2. Embedding - Audio, Video, and Multimodal

Published

March 13, 2026

Understanding the File API

Audio and video files must be uploaded to Google’s servers via the File API before they can be referenced in an embedding request.

  • Inline bytes (from_bytes): Works for files under 20MB
  • File API upload: Required for files over 20MB. YouTube Shorts MP4s range from 5-50MB, so the File API is the safe default.
Note

Files uploaded via the File API are automatically deleted after 48 hours.

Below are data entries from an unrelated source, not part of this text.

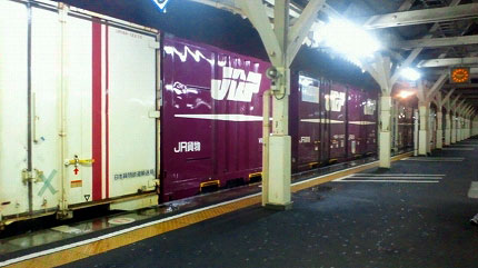 様々な形式の電気機関車がコンテナ貨車を率いていく。トヨタロングパストレインも走る。トヨタロングパストレインは自動車部品専用の貨物列車だ。名古屋と東北の工場を結んでいる。専用の青いコンテナがズラリと並ぶ。そうか、東北の工場は動き出したのか。震災からの復旧が進捗しているようだ。貨物電車Mc250系も通った。こちらは佐川急便専用である。真夜中の貨物列車ショーを眺めつつ、私は『ちくわ稲荷寿司』を食べた。カバンの中でひしゃげてしまい、油揚げからしみでた汁で箱もベタベタしていたけれど、美味かった。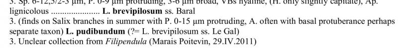 I compared to an L. pudibundum i found some weeks ago (on Prunus padus) and the main difference seems to be that the hairs are not capitate (with the exception of one hair) and the paraphyses are marginally more protruding. Is a host switch to Filipendula possible for L. pudibundum?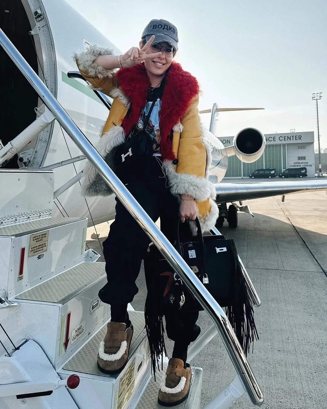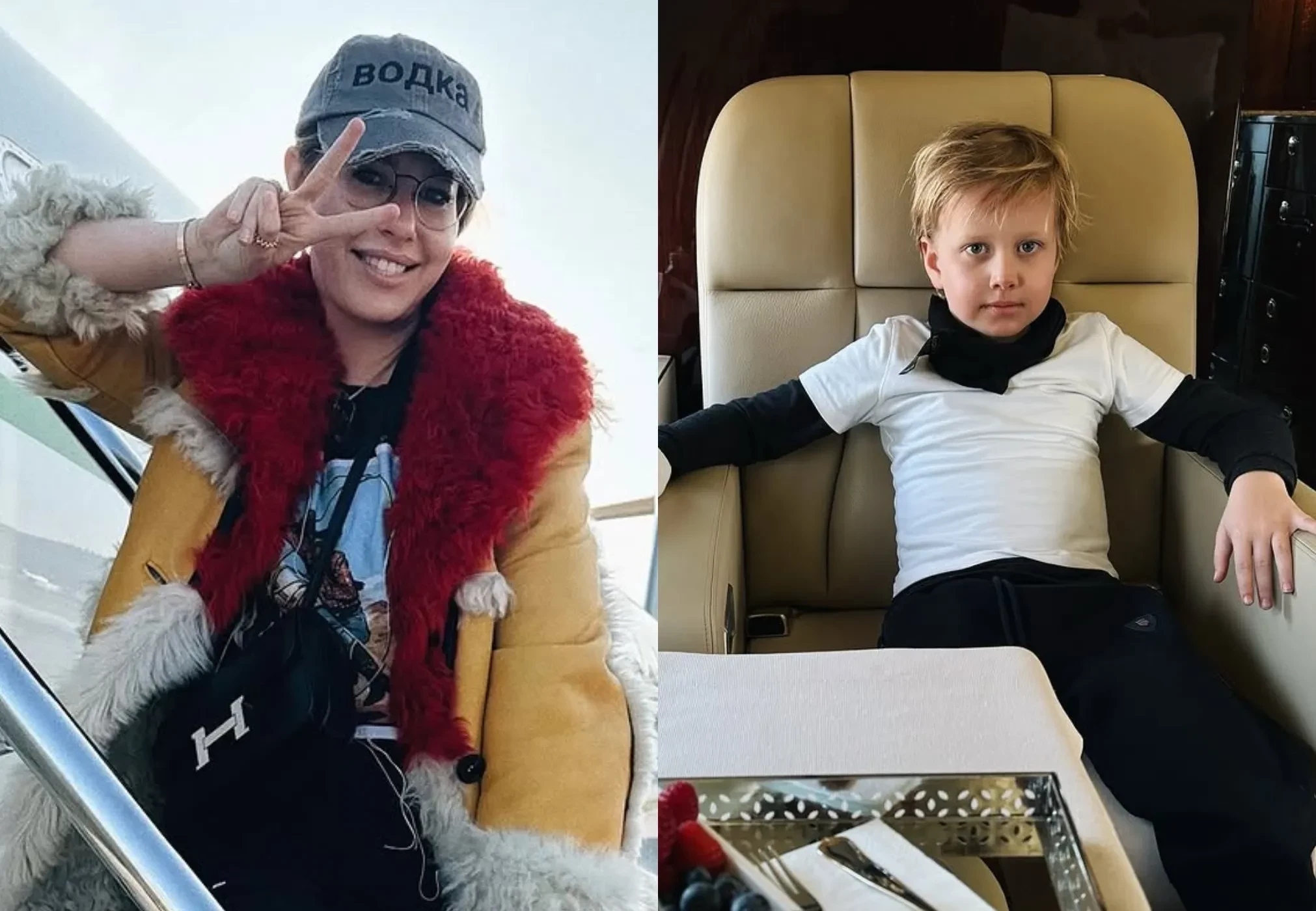 На снимках Собчак позирует у частного самолёта в дублёнке с цветным мехом, в кепке с надписью "Водка" из коллаборации концепт-стора KM20 с брендом Alexander DiGenova и с двумя сумками Hermes. На борту звезду и её восьмилетнего сына от экс-супруга Максима Виторгана встречали с цветами и угощениями.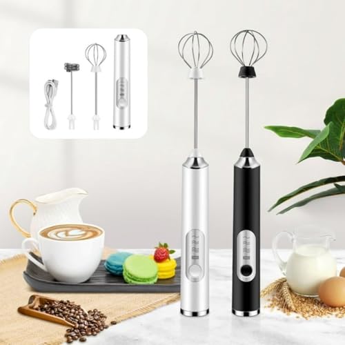 Mrowzeex - خلاط رغوة كهربائي يعمل بالشحن عن طريق منفذ USB - عصا خفق يدوية للبن والمشروبات الساخنة، وخفاقة بيض يدوية من مراوزيكس، أسود

For large-scale batch processing, upload just before embedding and save results immediately.

Upload helper function

import time
from pathlib import Path

def upload_and_wait(client, file_path: str) -> str:
    """Upload a file via File API and return the URI after processing."""
    path = Path(file_path)
    print(f"Uploading {path.name} ({path.stat().st_size / 1e6:.1f} MB)...")

    uploaded = client.files.upload(path=str(path))

    # Wait for server-side processing (typically 5-30 seconds)
    while uploaded.state.name == "PROCESSING":
        time.sleep(2)
        uploaded = client.files.get(name=uploaded.name)

    if uploaded.state.name == "FAILED":
        raise RuntimeError(f"Upload failed: {path.name}")

    print(f"  -> Done. URI: {uploaded.uri[:50]}...")
    return uploaded.uri

Text embedding: Transcript vs. title

Before embedding audio or video, we need a text baseline. There are two options, and the choice matters more than expected.

Title + description (metadata)

result = client.models.embed_content(
    model="gemini-embedding-exp-03-07",
    contents=f"{title}\n{description}",
    config=types.EmbedContentConfig(
        task_type="SEMANTIC_SIMILARITY"
    )
)
text_title_vec = np.array(result.embeddings[0].values)  # (3072,)

Full transcript (Whisper)

We use local Whisper transcription (whisper-medium-komixv2-mlx, Korean fine-tuned, MLX GPU-accelerated) to generate speech transcripts for all Shorts. This runs on Apple Silicon at ~2.3 sec/video with zero API cost.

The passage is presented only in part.